We should also design for peak loads, not the usual mean load. When a high-voltage cable used in power lines broke easily, engineers could not duplicate the failure with average loads. When they applied the peak loads, they could.

Designing for four times the life does not mean overdesigning. It is the art of choosing the right concept. If the attention is placed on innovation rather than marginal improvements, engineers can design for multiple lives with little or no investment, as shown earlier by several examples. They must encourage themselves to think differently rather than latching on to outdated traditional methods of increasing the size or weight. Engineers who talk of costs when solving problems usually block out creativity. They draw the boundary around the solution. Their first thought is to increase the size or weight to design for high loads. This is very common defective thinking. This is where the universities need to be more knowledgeable. We need to balance logic with creativity and should still be able to show a high return on investment.

Paradigm 6: Learn to Alter the Paradox of Cost and Performance into a Win–Win Situation

Most engineers are of the opinion that high reliability costs more.
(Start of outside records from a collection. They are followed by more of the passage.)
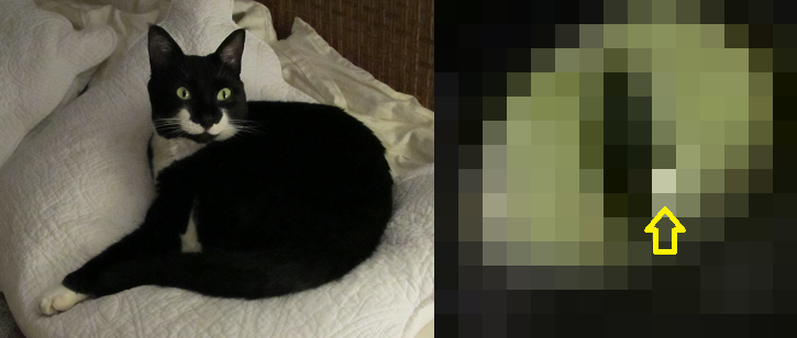 The amount of detail in a digital image, called resolution, increases with the number of pixels the image contains. Typical digital images have hundreds or even thousands of pixels on a side. For example, the cat image on the left side of Figure 2.1 is 395 pixels wide and 308 pixels high. Some images may have a much smaller pixel count if they are used for desktop icons, mouse pointers, or image thumbnails. Beyond a few thousand pixels on a side, images become unwieldy in terms of memory usage and bandwidth, so width and height dimensions of between 200 to 2000 pixels are the most common compromise of resolution and efficiency.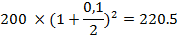 в течении 2-х лет в конце каждого года получаем %-й доход 200 у.е.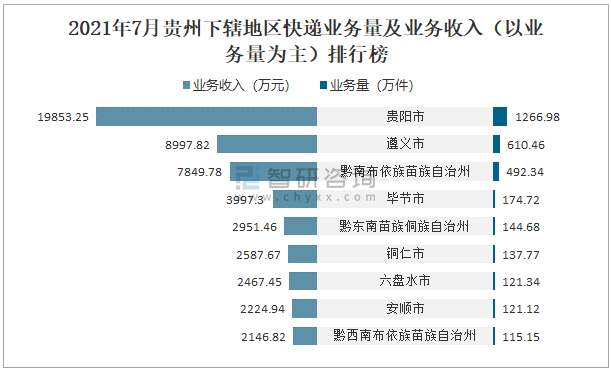 2021年7月貴州下轄地區快遞業務量及業務收入(以業務量為主)排行榜

World-class organizations embrace the paradox of increasing reliability and lowering costs simultaneously. Trade-off between reliability and cost is not always necessary. Toyota has mastered this paradigm, where high reliability and lower life-cycle costs are a way of life. Toyota has learned over the years that preventing failures is always cheaper than fixing them if the failure prevention process starts early in the design. If we capture the potential failures during the requirements analysis, we can include design for reliability without making wasteful engineering changes later. Similarly, during detailed design reviews, such tools as design failure modes, effects, and criticality analysis (FMECA), process FMECA, and fault tree analysis, if used early, can help us discover many missing, vague, and incomplete requirements. Engineering changes are the biggest source of waste in organizations, because most of them can be prevented. Here are some examples of achieving high reliability with very little or no investment. Since high reliability reduces life-cycle costs, the insignificant amount of investment does not negatively affect the win–win scenario.

Example 1

A company in Brazil had designed a large warning light bulb on a control console, with a plastic cover to reduce glare. They told me that they tried all kinds of plastics for the cap but that all of them melted after a few months. Someone suggested using a glass cover. We received the usual stupid answer: “Glass will cost three times as much as plastic. The cost of the product will be high.” The bad part is that many engineers look only at the cost of the component and completely ignore the cost of losing customers and the warranty costs to the employer. They are unaware that the cost of getting a new customer is at least five times the cost of retaining a current customer. When the team calculated the life-cycle costs of plastic versus the glass cap, the return on investment (ROI) turned out to be 300% in favor of the glass material. The author requested them to put a hold on the solution because we had agreed on an ROI goal of at least 500%. The author advised the entire team to take long showers for three weeks in the hope that someone would come up with a better idea. Why? Because when you take a long shower, your brain is calmed. In this state it is able to use over 1000 billion neurons that you have never used.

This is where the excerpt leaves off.